Die Wahrheit über Gottes Vorsehung sagt uns aber etwas anderes. Einerseits bedeutet seine Fürsorge nicht nur, dass er alle Dinge lenkt und regiert, sondern auch, dass er die Dinge erhält. Hebräer 1,3 offenbart, dass Gott durch seinen Sohn „alle Dinge durch das Wort seiner Macht trägt“. Gott hat nicht allein alle Dinge erschaffen, er erhält sie auch (Neh 9,6). Würde Gott sein erhaltendes Wirken im Hinblick auf die Welt beenden, so habe ich es kürzlich auch meinen Kindern gesagt, würde alles – inklusive uns selbst – sofort ins Nichts verschwinden. Wir sind in jedem Augenblick völlig davon abhängig, dass Gott seine Schöpfung weiter erhält. Das Universum besteht nicht aus seiner eigenen Kraft heraus.

Aus Gottes erhaltender Vorsehung schließen wir wohl zu Recht, dass Gott in gewisser Hinsicht alles in seiner Schöpfung für wichtig hält, auch das, was wir für unbedeutend und gewöhnlich halten. Die Tatsache, dass Gott auch unser ganz normales Leben erhält, bedeutet, dass er auch in diesen Dingen einen Wert sieht. Der Wert kommt allerdings nicht von uns, sondern liegt darin, dass Gott alle Dinge wirkt zu unserem Besten und seiner Herrlichkeit, indem er alles nach seinem allmächtigen Plan zusammenfügt (Jes 43,6-7; Röm 8,28). So wird es auch in Römer 11,36 ausgedrückt: „Denn von ihm und durch ihn und zu ihm sind alle Dinge; ihm sei Ehre von Ewigkeit zu Ewigkeit! Amen.“

Gottes Re­gie­rung und Erhaltung wirkt sich also auch in den relativ kleinen Dingen des Lebens aus. Dann hätte das auch eine Bedeutung für unsere Ent­schei­dung, Huhn oder Fisch zu Mittag zu essen; oder welche Blumen wir in den Vorgarten pflanzen; oder ob wir Fußball dem Handball vorziehen; oder ob wir lieber auf der Landstraße oder auf der Autobahn zu unserem Ziel fahren, wie lang wir unsere Haare abschneiden lassen oder welchen Sport unsere Tochter ausübt. Alles ist in letzter Instanz von Gott regiert und hat irgendeinen Platz in seinem Plan. Diese Wahrheit hat nicht das Ziel uns zu lähmen. Wir werden Gottes Reich nicht aus der Bahn werfen, wenn wir Huhn lieber essen als Fisch. Tatsächlich ist eine Entscheidung, in denen beide Wege gleichwertig sind, selber gleichgültig. Es ist in sich weder sündig noch gerecht Huhn oder Fisch zu essen. Allerdings kann eine Wahl in diesen anscheinend unbedeutenden Dingen trotzdem eine Auswirkung für das Reich Gottes haben, die wir nicht übersehen.

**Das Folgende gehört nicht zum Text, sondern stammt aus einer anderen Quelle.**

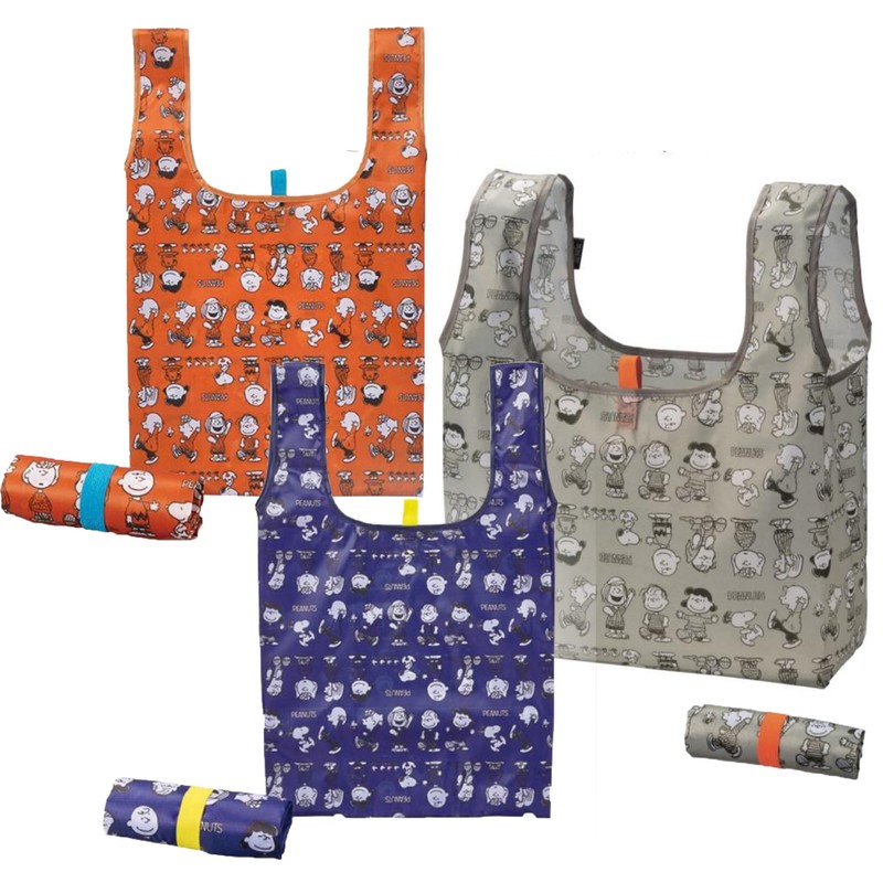 SNOOPY Eco Bag, Shopping Bag, Foldable, Portable, Compact, With Band, Wide Gusset, Bento Box, Size, Cashier Bag, Cute, Character, Snoopy, Navy, Orange, Gray, 1

Gottes Vorsehung ist Realität in unserem Alltag, weil er alle und nicht nur manche Dinge nach seinem Ratschluss wirkt.

Gottes Vorsehung ist in vieler Hinsicht eine Realität unseres Alltags. Die Bibel offenbart uns nicht den Gott des Deismus, der meistens uninteressiert und unbeteiligt gegenüber seiner Schöpfung ist. Die Schrift stellt uns den einen wahren Gott vor, der nahe ist (Jer 23,23-24) und das nicht nur in dem Sinn, dass er überall in seiner Schöpfung gegenwärtig ist, sondern in den Ereignissen innerhalb seiner Schöpfung und den Entscheidungen seiner Geschöpfe. Er bleibt unterschieden von diesen Dingen, aber seine Hand hält doch zugleich alle Dinge und lenkt sie, indem er eben alle und nicht nur einige Dinge wirkt gemäß dem Ratschluss seines Willens (Eph 1,11).

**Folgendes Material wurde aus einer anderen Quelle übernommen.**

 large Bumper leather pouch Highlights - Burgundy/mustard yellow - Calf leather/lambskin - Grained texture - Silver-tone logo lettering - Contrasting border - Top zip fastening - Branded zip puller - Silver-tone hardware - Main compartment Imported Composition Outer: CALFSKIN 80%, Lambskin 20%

Gottes Vorsehung in außerordentlichen Dingen

Es ist klar, dass unsere anscheinend unbedeutenden Ent­schei­dungen Gottes Plan nicht aus der Bahn werfen. Wie aber ist es mit größeren und folgenreicheren Entscheidungen und Taten? Natürlich werden die Gottes Plan ebenso wenig ruinieren können, weil er die außerordentlichen Dinge – also solche Ereignisse, die einen deutlicheren Effekt auf die Weltgeschichte und die Ausbreitung des Reiches Gottes haben – ebenso regiert, wie die täglichen Dinge des Alltags. Wir könnten mit Recht sagen, dass Gott, weil er die alltäglichen Dinge regiert, auch die außergewöhnlichen Ereignisse lenken muss.

Daniel 2,22 sagt, dass Gott „Könige absetzt und einsetzt“. Weniges scheint relevanter für den Gang der Geschichte als die Herrscher dieser Welt. Das Aufkommen und der Fall von Königen bzw. Herrschern ist offenbar eines der außerordentlichen Dinge, die genau zu Gottes Absichten in Hinsicht auf seinen Plan mit der Geschichte und für sein Volk passen mussten. Bedenken wir den Aufstieg von König Kyros, dem Großen, auf den persischen Thron im Jahr 538 v.Chr., um das zu verdeutlichen.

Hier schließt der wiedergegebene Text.